Of course, I might add that I was on an accelerated track because I had a degree with a background in writing. Without that, I’m sure it would’ve taken double the time.
What struggles did you encounter in order to become successful doing what you love?
When I was teaching English in NYC, I thought I knew what I was doing. I had a degree in fine arts, majored in screenwriting and just knew I had a handle on writing. I challenged myself to write my first novel.
The literary agent who read my first novel told me that it was what they called in the literary industry a “kitchen sink” book. Because it had everything in it but the kitchen sink. With confidence, I said, of course! It has zombies, spies, natural disasters, science fiction and horror. Everything anyone could want in a novel! I was sadly mistaken. I had to learn how to focus on one genre.
Sure, any good novel may have elements of a variety of genres, but the core story is driven by one particular kind. I started reading novels only in the genre I wanted to write in so that I could gain an innate sence of tropes, cliches, themes, tones, mood, what was overdone, and what was spoofed.
With my second novel, it was made known to me that my characters were lifeless. My revision of that novel came back with criticism of having poor narrative.
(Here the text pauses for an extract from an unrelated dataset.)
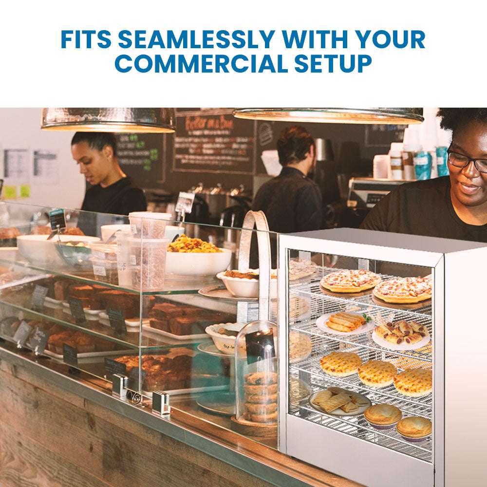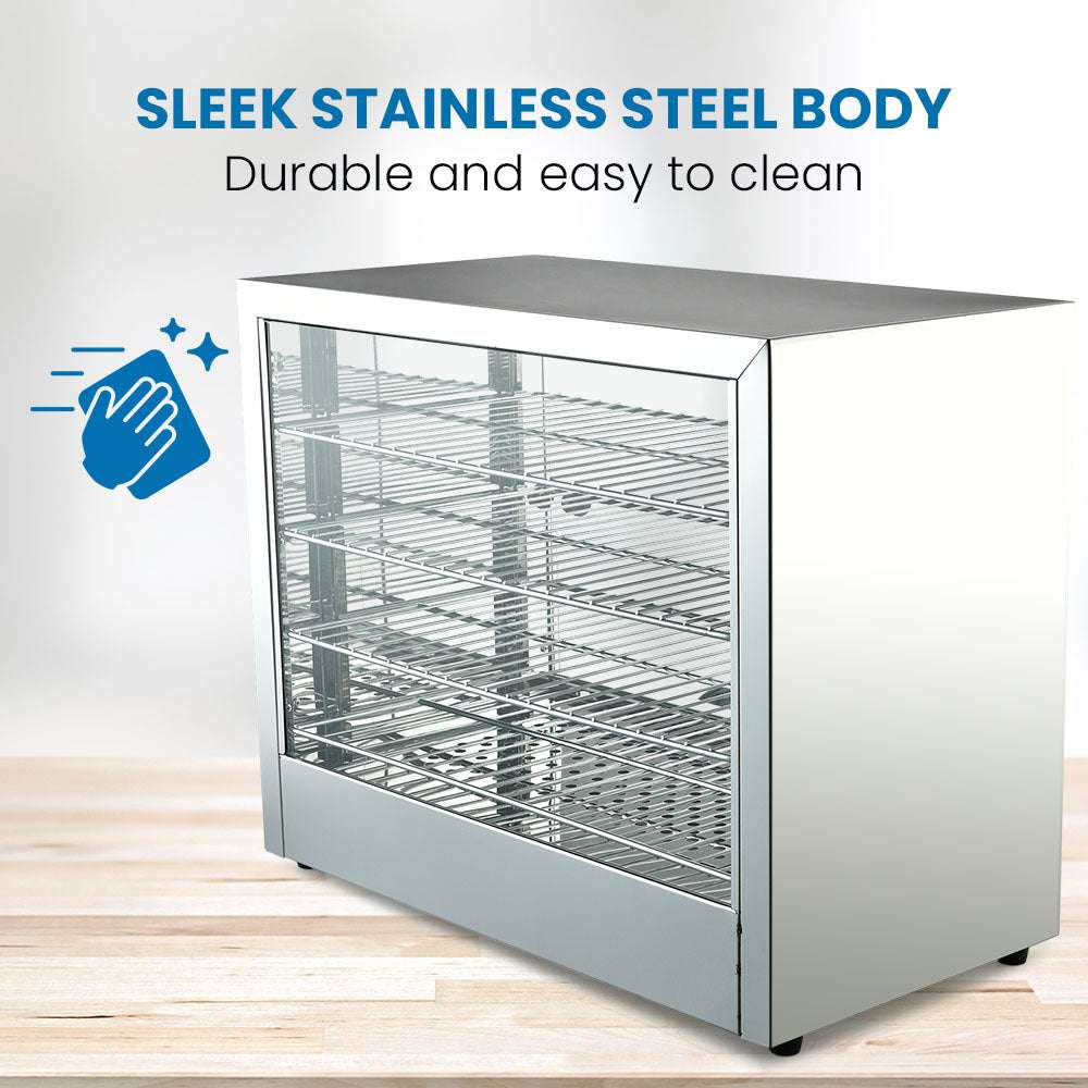 The EuroChef has all the features you need to keep up with demand. Heat resistant handles on the sliding glass doors ensure easy access for staff throughout the day. The four large 57x30cm removal stainless steel shelves are easy to clean and provide plenty of space for all of your food products. This EuroChef Food Warmer Display is the perfect choice for cafes, bakeries, food stands and other food vendors that need to keep food presentable and ready to serve.

And then there was the whole having a good plot thing.
After writing my third novel, and having taken a few writing workshops and sitting in many writing conference panels, I began learning the craft. Once I polished my third novel and ran it through two editors, I sold my novel quickly, gaining interest within fifteen minutes of submissions.
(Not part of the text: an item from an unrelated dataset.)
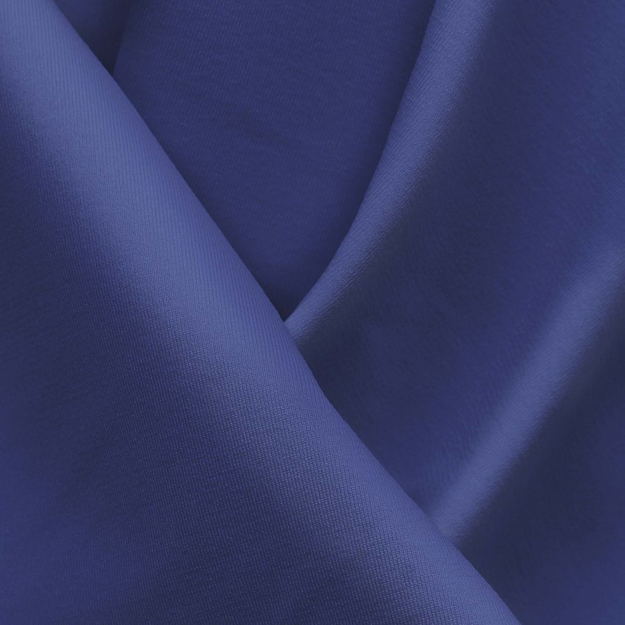 La tela base es la Lycra Reciclada - Seal de 230 gr/m2, con un tipo de tela de Lycra y una composición de 75% poliéster y 25% elastano. Su color liso impreso es azul oscuro (DarkSlateBlue) con un CMYK de 76 65 7 0. Este color aporta una sensación de profundidad y elegancia, combinando perfectamente con tonos claros como el blanco y tonos oscuros como el negro.

How do you deal with fear, doubt and worry?
I embrace fear, ignore doubt and don’t worry.
Many times, my anxiety comes from being rejected or misunderstood. However, the more I’ve written, now well over a million words, and the more I actually get a pen and paper out and study writing, I’m becoming more seasoned.
There was a time when members of my critique group or even an editor may ask a question that intimidated me. That was before I learned to make choices, and I understood that as long as the choices I made were true to my story, were credible or backed by sound ideas, I no longer was intimidated by a question for my motives. I answered with a certain confidence that came from developing my characters and strong world-building.
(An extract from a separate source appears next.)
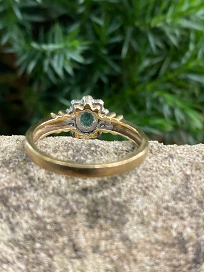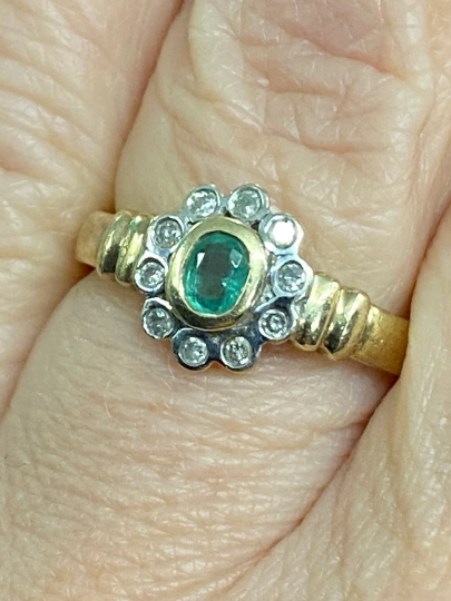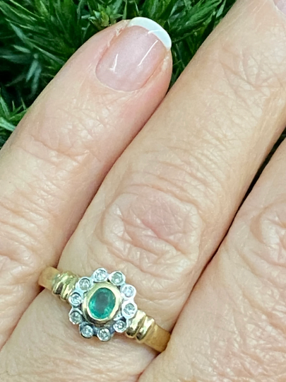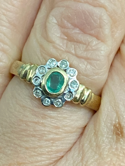 A really smart 9ct gold ring set with an Emerald surrounded by Diamonds

“I’m looking forward to breathing my passion into words and bringing them to life.”
-Ace Antonio Hall
Who or what inspires you to stay motivated?
A friend of mine once said, “I read to inhale, write to exhale.” Reading is the number one motivator to my writing. After finishing a good horror novel, it makes me want to write a good story.
I’ve always been a storyteller. Even when I had shoulder-length blond dreads and sung as a frontman for a alt rock group, my lyrics were essentially stories. I love being imaginative and coming up with strange circumstances to put a character into.
I think at this stage of my writing, I can’t help it. I hear characters running dialogue in a scene I’m working on, when I’m driving or going for a run, and I awake most mornings with an idea or scene to flesh out in my stories.
What motivates me is the process. God, I love the process of coming up with ideas, doing a bit of research for places, people or things I don’t know much about. And man, do I love seeing a finished product of my writing. I love words. Especially, if they tell a story.